The fact is that most COOs are not empowered to initiate such a change, and neither do most directly own the infrastructure. They do, however, carry an influence that flows both up- and downstream. This pivotal position, sitting astride and between the business and its infrastructure, affords the COO community the opportunity to speak for the business at the same time as managing its expectations on success. As a collective … as a community … this voice becomes louder and carries greater influence and authority. If COOs can combine this with objectivity and a desire to do best for the industry, then success could be realised:
“Many organisations have structures whereby a support function’s IT costs are allocated to the support function, which in turn then totals its costs and allocates to businesses and regions.”
The group moved towards this position and largely accepted that while this may not happen during the group’s tenure, it remained an opportunity – an obligation, even – to try and make happen. “In this case”, I asked, “in what areas or common ground, common purpose, non-proprietary, could you sow the seeds for cross-bank, industry-wide collaboration?” Data warehousing and supervision headed the list of such opportunities, with supervision taking top spot, as it was an immediate need. The necessity had been agreed. It was now left to see if this group of executive influencers could find sufficient common purpose to take the first step and perhaps, by drawing this line in the sand, take the industry in a new direction – one that may contribute to its long-term security.

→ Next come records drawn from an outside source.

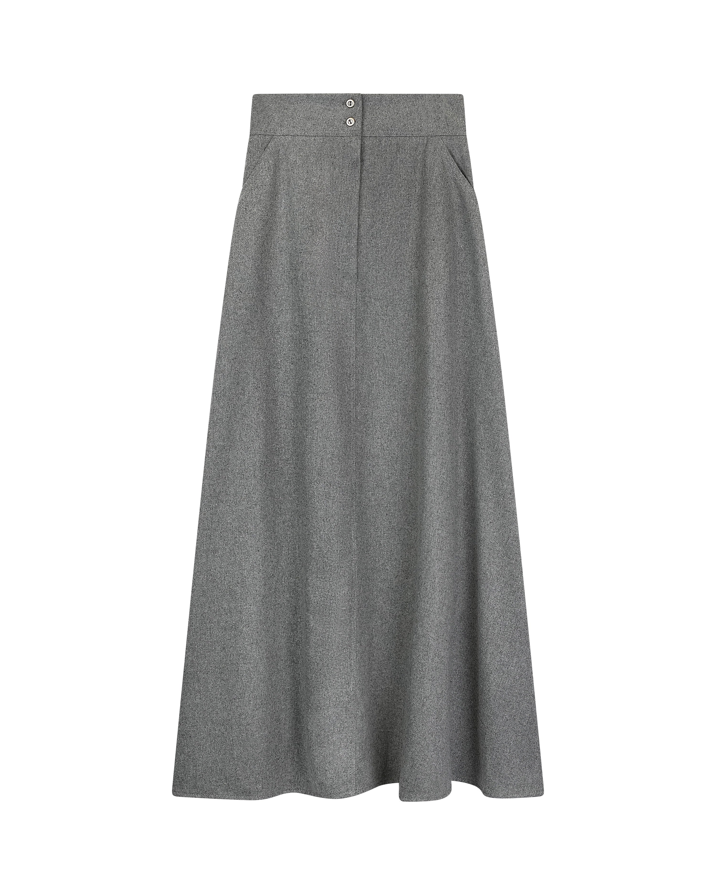 B Chic Grey Wool Front Hidden Zipper Stitching 38" Skirt with Pockets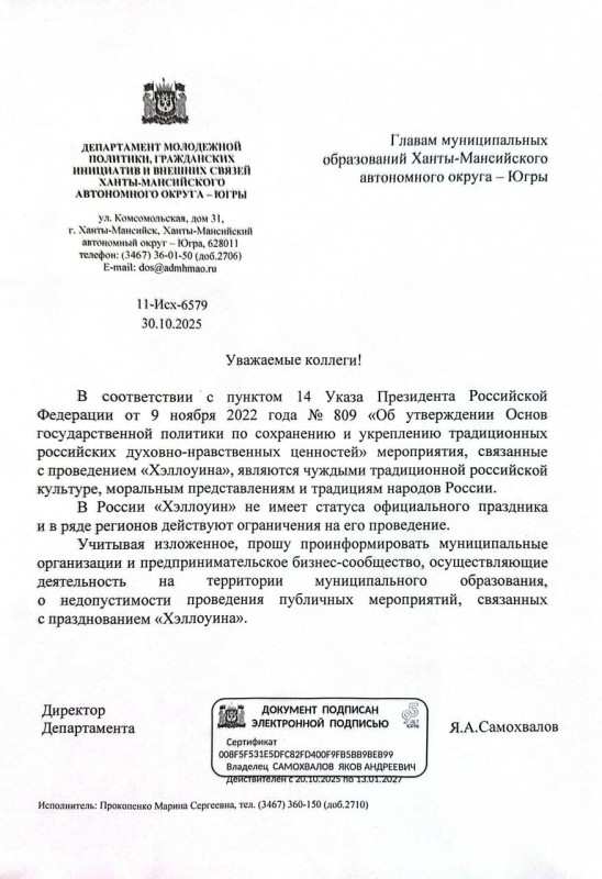 Письмо о «недопустимости проведения публичных мероприятий», приуроченных к Хэллоуину разослали главам муниципалитетов ХМАО. Соответствующий документ есть в распоряжении «Вестника».
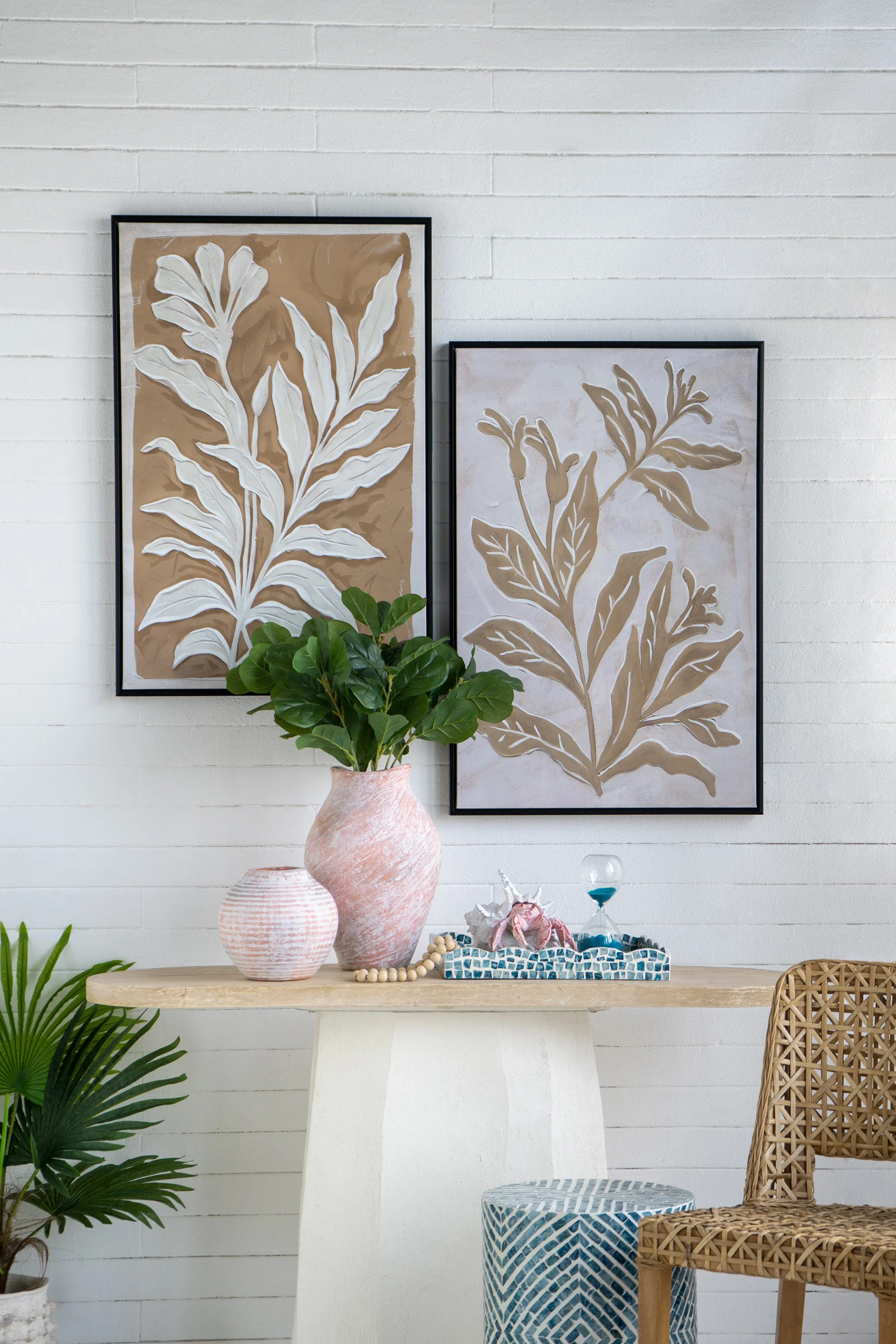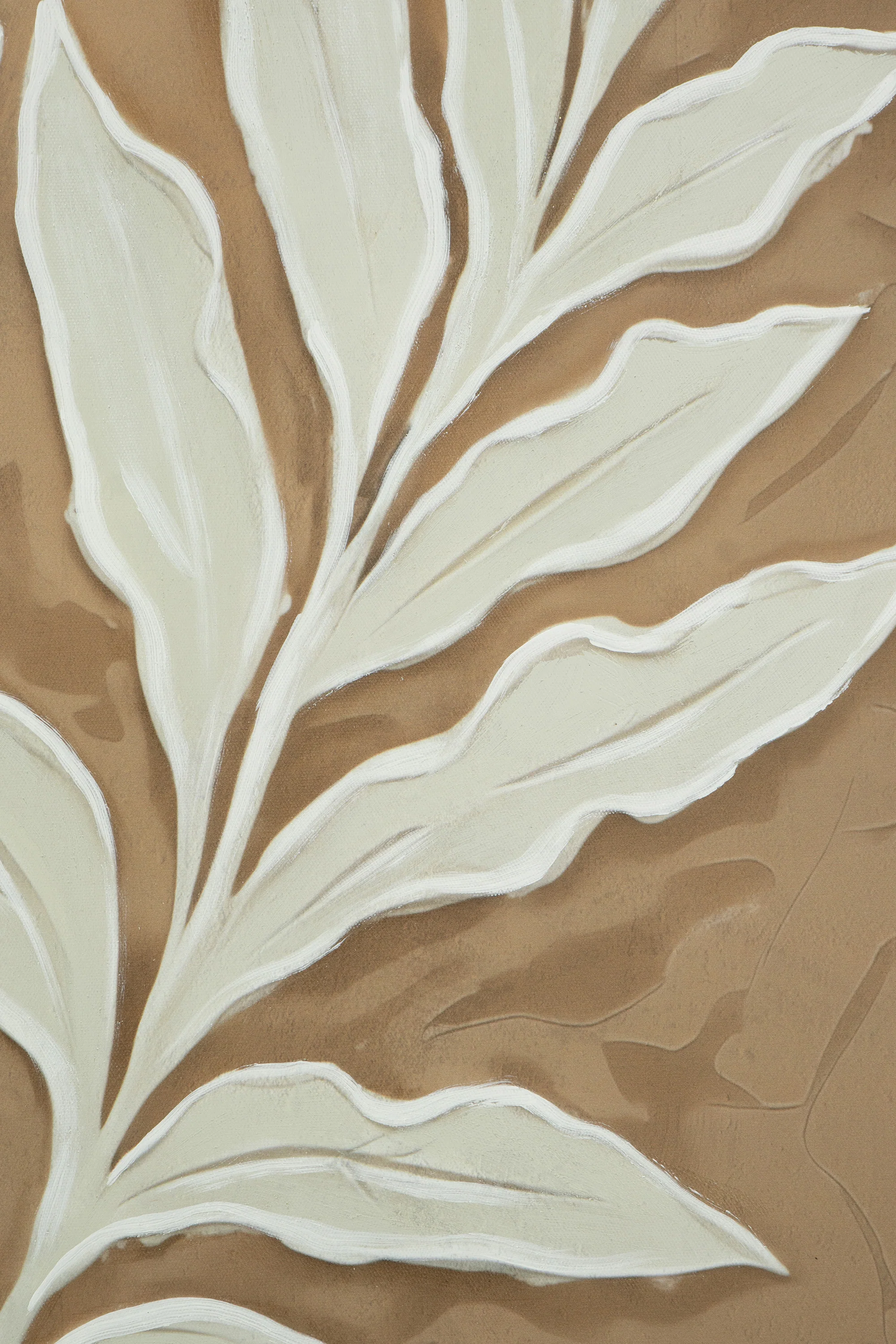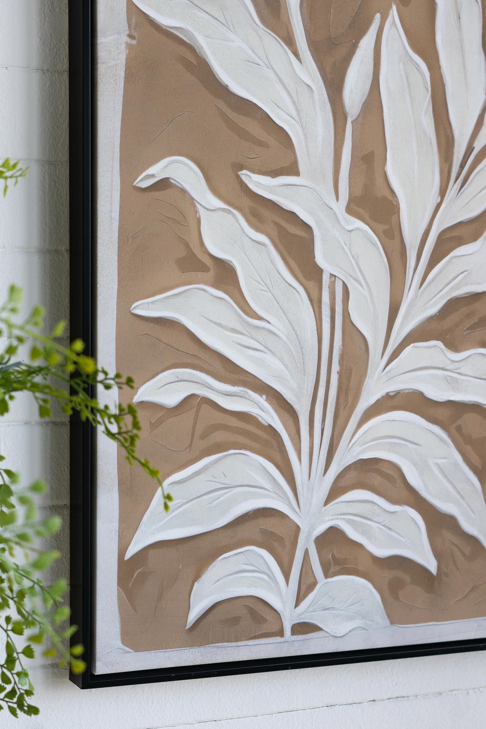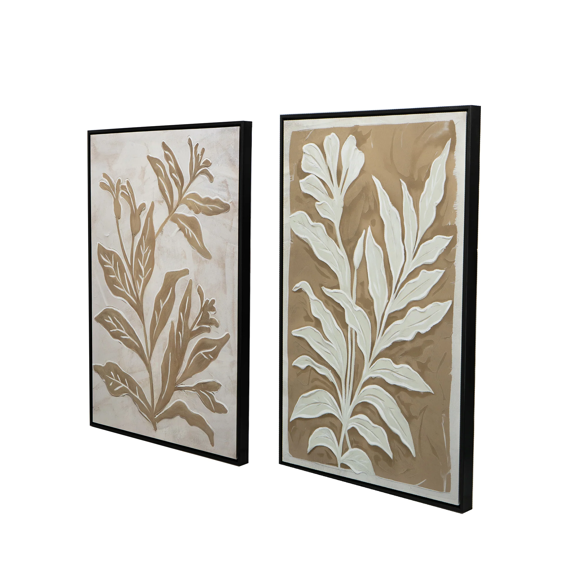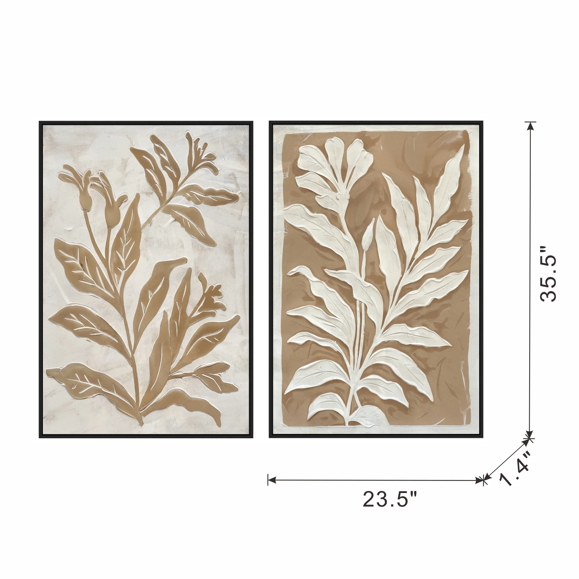 Brown and White Minimalist Leaf Paintings with Black Frame, Set of 2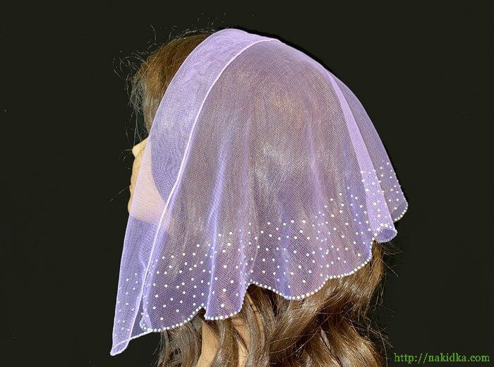 | Светло-фиолетовая легкая фатиновая накидка с наклееным блестящим перламутровым узором |

Before finalising this article, I presented it to one of my principal contacts, who added further to the debate:
“Outsourcing was generally done to save money, not to be more efficient or effective. However, while cheap is good, sometimes it just doesn’t work. Outsourcing should coexist with the smaller, more agile onshore development teams. The solution is better with pieces of both in a balanced portfolio. Innovation is harder to nurture in a large outsourced waterfall team than it is in a small agile onshore team. I don’t really see an issue of self-build and proprietary value being friction points. There is a general feeling that automating these processes is the best solution. However, my view is that we should change the processes so some of the things we are currently doing are obsolete – remove, not automate. Personally, I would mandate that a cost could only ever be allocated once. Many organisations have structures where support functions IT costs are allocated to the support function which totals its costs and allocates it to businesses and regions. This makes it almost impossible to track which resources are working on what within that function. As support functions are becoming more directly aligned to business units, this should help. One final point on the new aligned model. I think in many cases now, COOs do own operations – they just haven’t realised it yet, and they lack the time and expertise to invest in these groups to help resolve their problems. The COOs are also struggling in some cases as the model shift towards decentralised structure is eroding some of the synergies that had been put in place by the previous global support functions. These are not deal-breakers, but they do need to be acknowledged and resolved.”